I suppose this is the time to remind my friends about what happened in the MEP elections, when 20,000 people voted for Arnold Cassola, who promptly used his dual nationality to up sticks and get himself a seat in the Italian assembly, an exercise in self-serving opportunism if ever there was one – the very sort, in fact, of which his cohorts at AD accuse others. The result of that election was no seat for Alternattiva, two seats for the Nationalists, no seat for the woman who worked like a plough-horse to help Malta get into the EU, Joanna Drake, and… three seats for the vehemently anti-EU Labour Party going to people who worked against membership. Thanks to the 20,000 people who thought it would be a jolly good idea to vote for Arnold ‘sometimes I’m Maltese and sometimes I’m Italian’ Cassola, the loyal, honest, decent, supremely knowledgeable and hardworking Joanna Drake didn’t get a seat in the European Parliament and the jolly joker John Attard Montaldo (or was it Alfred Sant’s former poodle Joseph Muscat, now replaced in the favouritism stakes by Boob-Job Jason?) got it instead. Do you see what I mean now?

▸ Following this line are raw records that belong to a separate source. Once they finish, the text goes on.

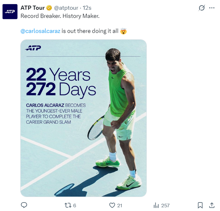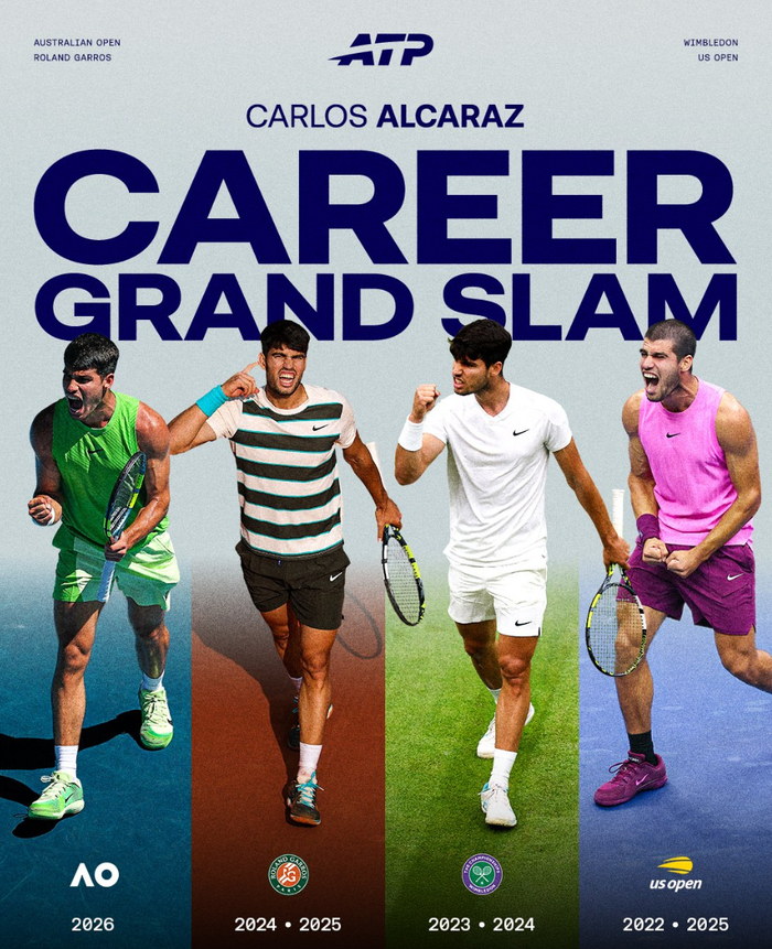 2026澳网是阿卡丰收的大赛,他生涯首次闯入澳网4强就拿到了冠军,他超越24岁的纳达尔成为公开赛年代最年轻的男子‘全满贯’选手,目前阿尔卡拉斯只有22岁272天,ATP官方写道:纪录的创造者、历史的缔造者。
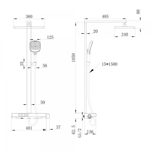 三功能按键旋钮式平台雨林(470mm不锈钢平台、可调节水量、手持带喷枪功能)
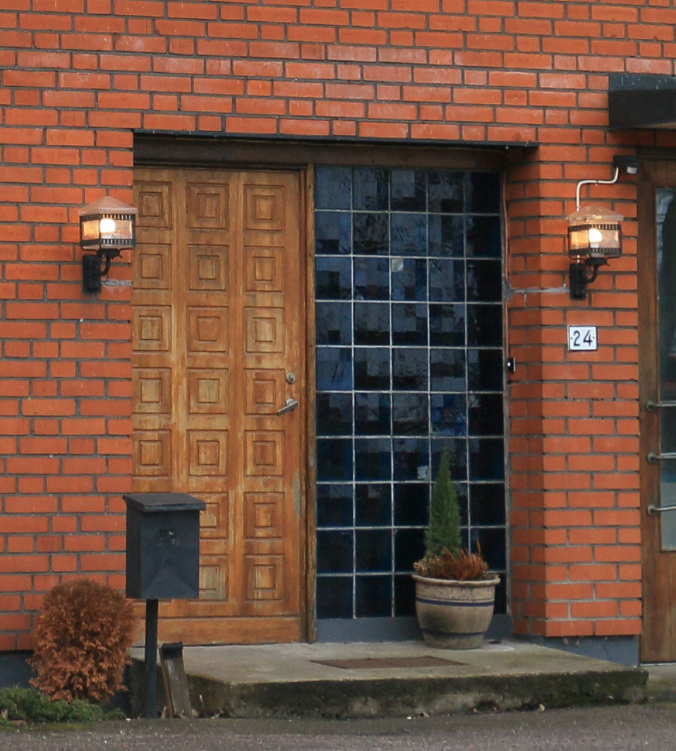 Denna byggnad på fastigheten Eken 9 uppfördes som den sista i gruppen mellan 1963 till 65. Den skiljer sig i sin yttre gestaltning tydligt från de andra. Fasaderna är inte vitputsade utan i rött tegel, taket är täckt med svarta betongpannor, fönstren är perspektivfönster med mörkbruna bågar och inte längre ospröjsade tvåluftsfönster. Entrépartiet består av en fernissad ekdörr och ett glasblocksparti med ursprunglig, utanpåliggande blåfärgad glasmosaik.
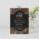Impresión de leopardo sobre fondo marrón. Haga clic en el botón "Personalizar" - luego "Haga clic para más personalizares" para comenzar con su diseño! Diviértete en tu fiesta nupcial con esta elegante invitación. Invite a sus invitados a levantar un vaso y a unirse a la diversión con estas invitaciones festivas.
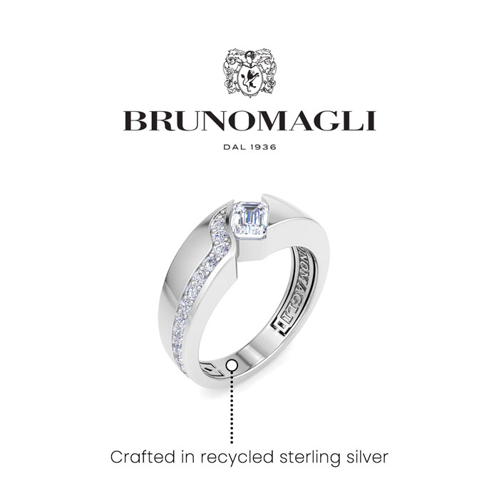 Bruno Magli men's jewelry blends refined Italian craftsmanship with contemporary style, creating timeless accessories for the modern man. Each piece is expertly designed using high-quality materials, adding a touch of sophistication to any outfit. This Bruno Magli mens lab grown diamond ring features a 3/4 carat emerald cut center lab grown diamond in G-H color, VS clarity. There are 14 round lab grown diamond accents. Total carat weight is 1 carat. This ring is in sterling silver. Bruno Magli jewelry utilizes sustainable luxury by using recycled precious metals, eco-friendly lab-grown diamonds, and iconic branding for a refined touch.

For heaven’s sake, people, get a grip. If you want Lawrence Gonzi as prime minister, vote for him. If you don’t want Alfred Sant as prime minister, vote for Lawrence Gonzi. If you want Alfred Sant as prime minister, vote for him – or do what Claire Bonello does and try to persuade as many tal-pepe people as possible that the Labour Party doesn’t exist, that the Nationalists are corrupt and inept, that they have been there too long and that it’s time for a change – without ever driving it home, of course, that the only change possible is Alfred Sant as prime minister. It’s time we all grew up, isn’t it?
***
Whether you’re Labour, Nationalist or I Don’t Know, there’s one very sound reason why Alfred Sant should lose this election: it will rid the Labour Party of him once and for all, and give it the opportunity it needs to regroup and develop into something that works. I know that Sant will try to hang on even if he loses, but it will be his fourth electoral loss on the trot, and there is no way the party will tolerate him for a minute longer. He will be forced out, even if it means a metaphorical bloodbath. We keep talking about the need for change: what we forget is that Alfred Sant has been party leader for 16 years, losing one election after another and spinning Malta into chaos during his 22 months as prime minister. The change that’s really desperately needed is in the leadership of the Labour Party, but the magnifying-glass is off him because we’re all so busy whining about the need for a change of government. Yes, it’s a magnificent idea to change from Gonzi to Sant, don’t you think?
***
George Vella, who first came to our notice when he was used to prop up Sant’s left side while George Abela propped up the right in the 1996 elections, told the general conference that “a new Labour government” – yes, yet another new one – “will take Malta’s European Union membership to new heights”. Before we know it, they’ll be telling us that they campaigned for EU membership, that all talk of partnership is “shameful spin” and that Alfred Sant headed the Yes campaign in the referendum. That’s why I love Labour: they never fail to entertain, but the best place for fools is in Opposition.